# STG - Straker Translations



## System (13 October 2018)

Based in New Zealand and founded in 1999, Straker Translations has established itself as a leading global technology driven translation services platform. Straker has developed a hybrid translation platform that utilises a combination of machine translation and a crowd sourced pool of freelance translators.

Straker's cloud-based platform manages the end-to-end translation process, leveraging machine translation technology (comprising both third-party owned engines and engines within Straker's platform) to create a first draft translation and subsequently matching the customer's content with one or more of the approximately 13,000 crowd-sourced human freelance translators for refinement.

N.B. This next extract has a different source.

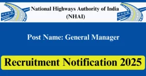 NHAI Recruitment 2025 Apply for 15 General Manager (Technical) Vacancies in All India location. National Highways Authority of India Officials are recently published a job notification to fill up 15 Posts through Online/Offline mode. All the eligible aspirants can check the NHAI career official website i.e., nhai.gov.in recruitment 2025. The last date to Apply Online/Offline on or before 28-Aug-2025.

This process is managed using Straker's proprietary 'RAY Translation Platform' which has been developed over eight years and is an enterprise grade, end-to-end cloud-based platform. By leveraging machine translation and its big data assets, the RAY Translation Platform enables the delivery of faster and more accurate translations, lowering the time and cost to deliver versus traditional translation services.

The platform can be integrated directly into customers' systems and consists of a customer dashboard, machine translation integration and modules for assisting and managing translators.

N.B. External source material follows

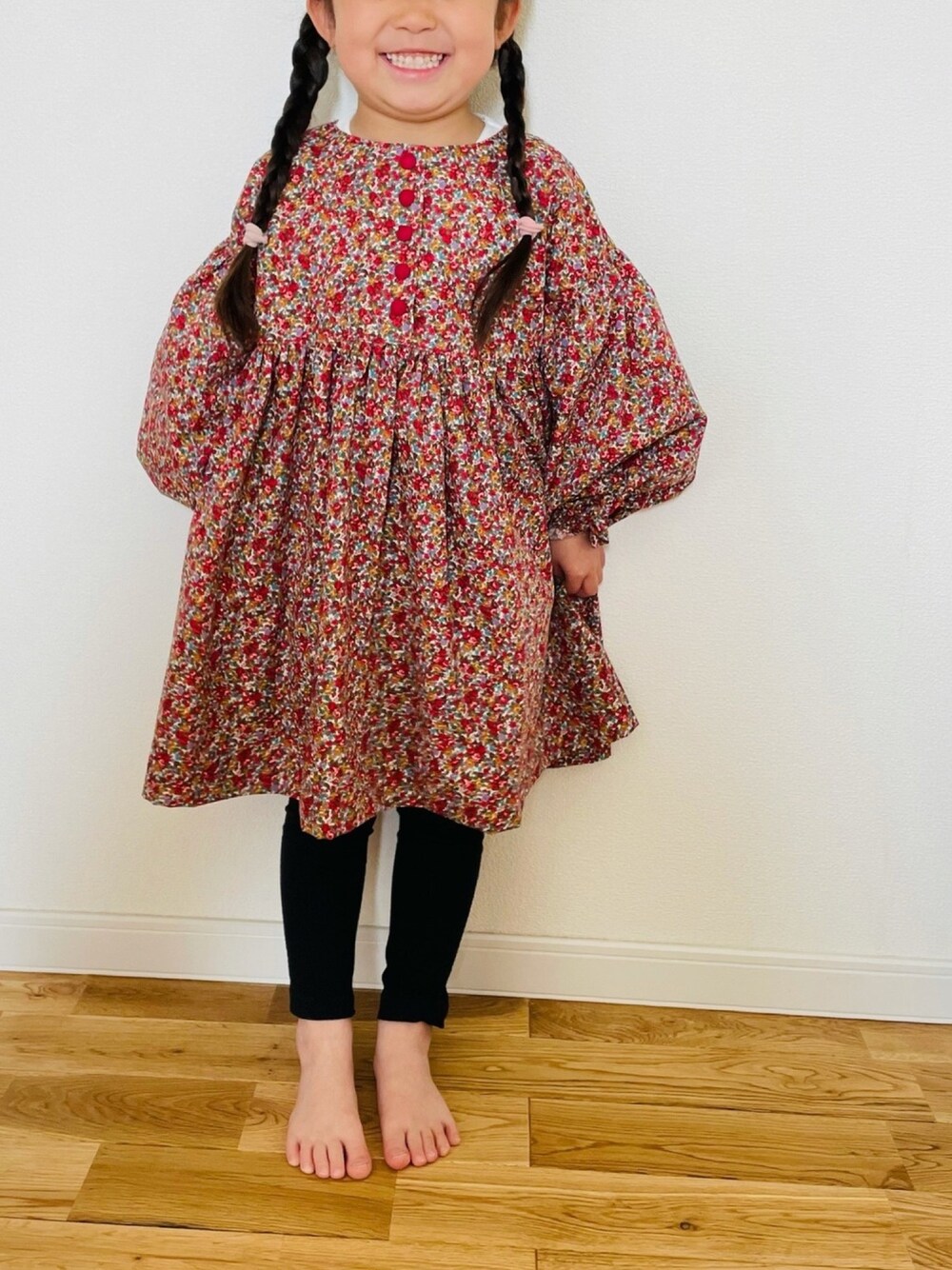 花柄ワンピース♡ 本人の希望でボタン多めにつけました♡♡ 横からのシルエットがかわいい♡

Being a cloud-based platform, Straker has the ability to capture vast amounts of translated data sets and data on the quality and speed of the freelance translators which is unlike many of its competitors where the work undertaken by translators is not performed on a centralised platform. As Straker's translation data set grows, so does the efficiency with which Straker and the translators can operate. Unlike many of its competitors, Straker primarily charges its customers by the word but translators charge by the hour. As the efficiency of its platform increases, this advantage is reﬂected in improved economics.

In FY18, Straker provided services for approximately 8,400 customers globally with 88% of pro forma revenues sourced from outside Australia and New Zealand.

It is anticipated that STG will list on the ASX during October 2018.

https://www.strakertranslations.com


----------



## Dona Ferentes (11 November 2020)

Shares in local small cap language translation tech company *Straker *have soared 49 per cent after it closed a potentially game-changing deal with tech giant IBM.

On Wednesday Straker announced that IBM had signed a two-year deal with the business to use its artificial-intelligence-powered translation services for 55 languages. The contract extends its relationship with the Aussie company, whose services it had been using since 2018, but previously only for Spanish translations.....

_Weekly, since listing :_


----------



## Tommy Shelby (5 June 2022)

2022 FY Annual Report highlights below;

$56m rev 2022
54% gross profit margin
$15m cash in the bank down from $25m from the cap raise last year.
Adjusted (_technically_) positive EBITDA
Forecasting 20% revenue growth next year ($65-70m)
I haven't dug too deeply into it but I assume that the majority of their revenue comes from IBM? obviously this creates questions around risk due to the client concentration.

The company goal is $100m revenue PA at a gross margin of 50-60% with current overheads at $35m approx. 

Market Cap of $77m which seems quite cheap when you run through it. Dumb question but how does this compare to Appen in terms of the model itself?


----------